» **Goal of the exercise**: Within the entries below, please retype exactly the lines starting with the line that has "indoor potted plants." and going on through the line that has "(정도일보) 박원희 동강의료재단", but not the pictures.

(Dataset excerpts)

——

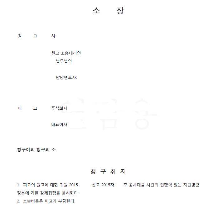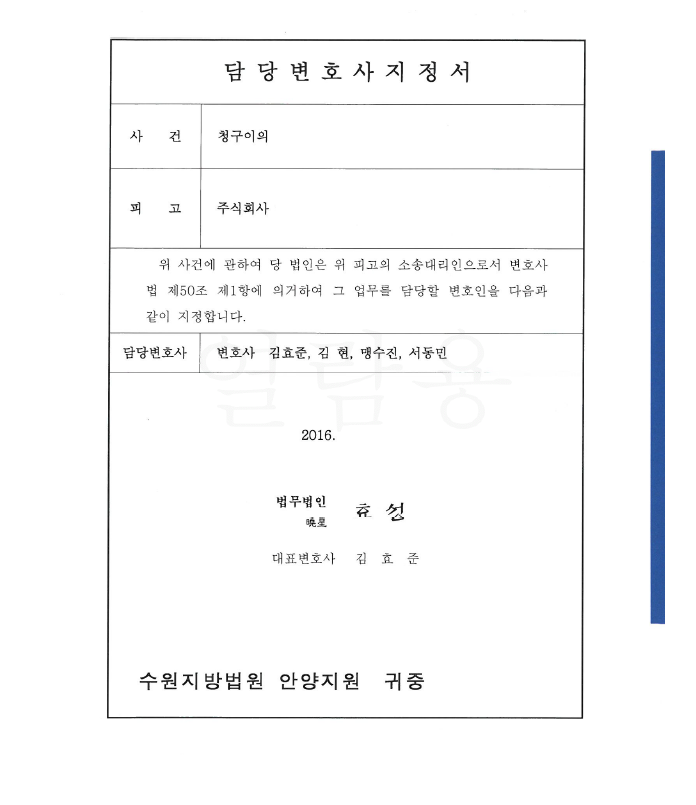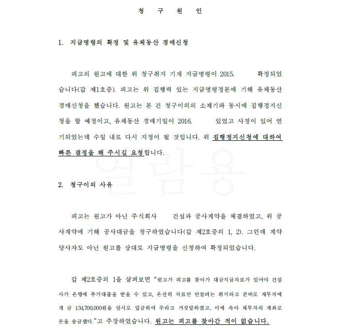 의뢰인은 상대방에게 공사대금에 관한 지급명령을 신청하여 인용 결정을 받고 확정 후 상대방 재산에 강제집행을 개시했는데 갑자기 상대방이 의뢰인을 상대로 청구이의의 소를 제기하고 강제집행정지신청을 하였습니다. 사유는 자신은 공사계약의 도급인이 아니라 제3자가 도급인이므로 자신에 대한 공사대금청구는 부당하다는 것이었습니다.
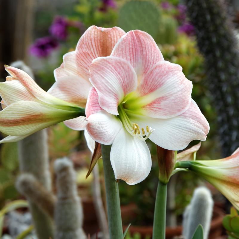 10" flowers in a variety of shades (many bi-colored), with bold, strap-like foliage that develops with or after flowering. A favorite for indoor potted plants.
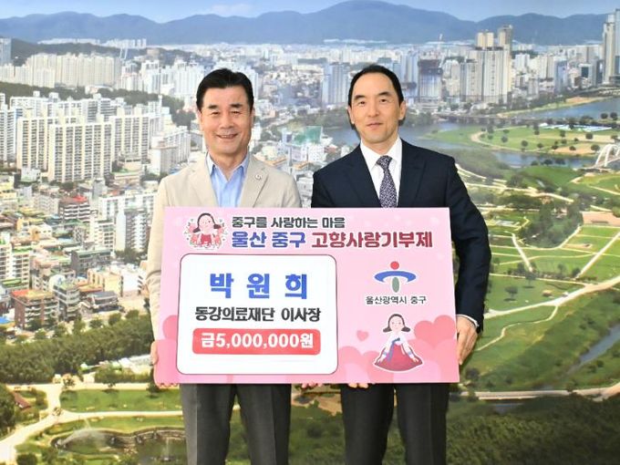 (정도일보) 박원희 동강의료재단 이사장이 4월 25일 울산 중구에 고향사랑기부금 500만 원을 기탁했다.
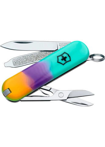 Серія малих швейцарських ножів VICTORINOX містить мініатюрні моделі (58 мм), які можна використовувати як брелок для ключів, що робить їх корисними та зручними в повсякденному житті. Більшість ножів з цієї серії забезпечені ножицями та манікюрною пилкою, що дає змогу використовувати їх як дорожній манікюрний набір. Ножі-брелоки VICTORINOX мають широку колірну гамму і відмінно підійдуть прекрасним аксесуаром як для чоловіків, так і для жінок і дітей. Окрім класичних, моделі мають варіанти накладок з національною символікою, створені в підтримку України. Модель Classic SD – це один із найменших швейцарських ножів-брелоків від відомої компанії Victorinox. Габарити в складеному вигляді становлять 58 мм, що дозволяє розмістити ніж у кишені або підвісити на ключі. Попри невеликий розмір, модель отримала клинок із нержавіючої сталі, який не поступається функціональністю більш габаритним побратимам. Ножиці та пилка для нігтів завжди допоможе підтримувати в бездоганному вигляді ваші нігті. До того ж кінчик пилки можна використовувати як пласку викрутку. Пінцет і зубочистка ховаються у руків’ї ножа та в потрібний час можуть стати у пригоді. Кільце на торці дозволяє підвісити ніж разом з ключами, або прикріпити до нього темляк. Підсерія Alox з алюмінієвими руків'ями поставляється без пінцета та пластикової зубочистки. Набір інструментів, що входять до багатоцільового ножа Victorinox Classic SD: - Лезо; - Ножиці; - Пилка для нігтів з пласкою викруткою 2,5 мм; - Кільце для підвісу; - Пінцет (тільки в моделях з пластиковими накладками); - Зубочистка (тільки в моделях з пластиковими накладками) ;
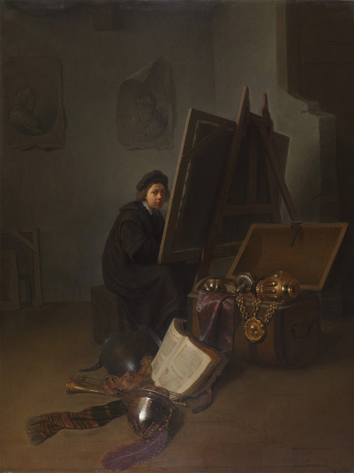 Дау — это первый ученик Рембрандта в Лейдене. Удивительно, что еще до того как он отправился в Амстердам, у него уже были ученики. Хотя, кажется, будто он в своих работах выбрал совсем другой путь. Эта работа, которая приписывается ему, очень важна. На ней изображен художник, который сидит за мольбертом и рисует разные объекты, которые есть в студии.
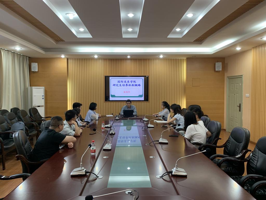 之后,宋院长为2019级比较制度学专业全体研究生开展了第一期入学教育活动。首先,宋院长向同学们介绍了国际关系学院研究生教育的历史、现状和发展方向。其次,他结合研究生培养机制,详细地梳理了我院研究生教育的培养目标、培养理念、培养模式和培养方案等方面的内容。最后,他勉励同学们在未来三年的学习和实践中脚踏实地、不断创新、勇攀高峰,并对同学们提出三点希望:一、科研工作往往是枯燥的,学术事业往往是艰苦的,同学们只有始终坚持扎实学习、埋头苦干,才能在学术领域有所建树;二、同学们要有广泛的兴趣爱好,要兼收并蓄、融汇贯通,要积极开展原创性、系统性、引领性的研究;三、同学们应当勤学多思,努力成为具有中国情怀、全球视野和创新精神的高素质复合型国际化人才。
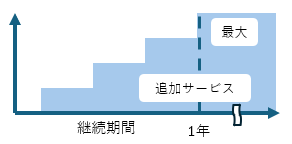 ・ご利用の継続期間が数か月ごとにサービスを追加。概ね1年程度で最大サービス。以降はご利用が継続されるかぎり最大サービスがずっと継続。 ・長期予定の場合は、当初から最大サービス。

——

» **Result of this task**:
 10" flowers in a variety of shades (many bi-colored), with bold, strap-like foliage that develops with or after flowering. A favorite for indoor potted plants.
 (정도일보) 박원희 동강의료재단 이사장이 4월 25일 울산 중구에 고향사랑기부금 500만 원을 기탁했다.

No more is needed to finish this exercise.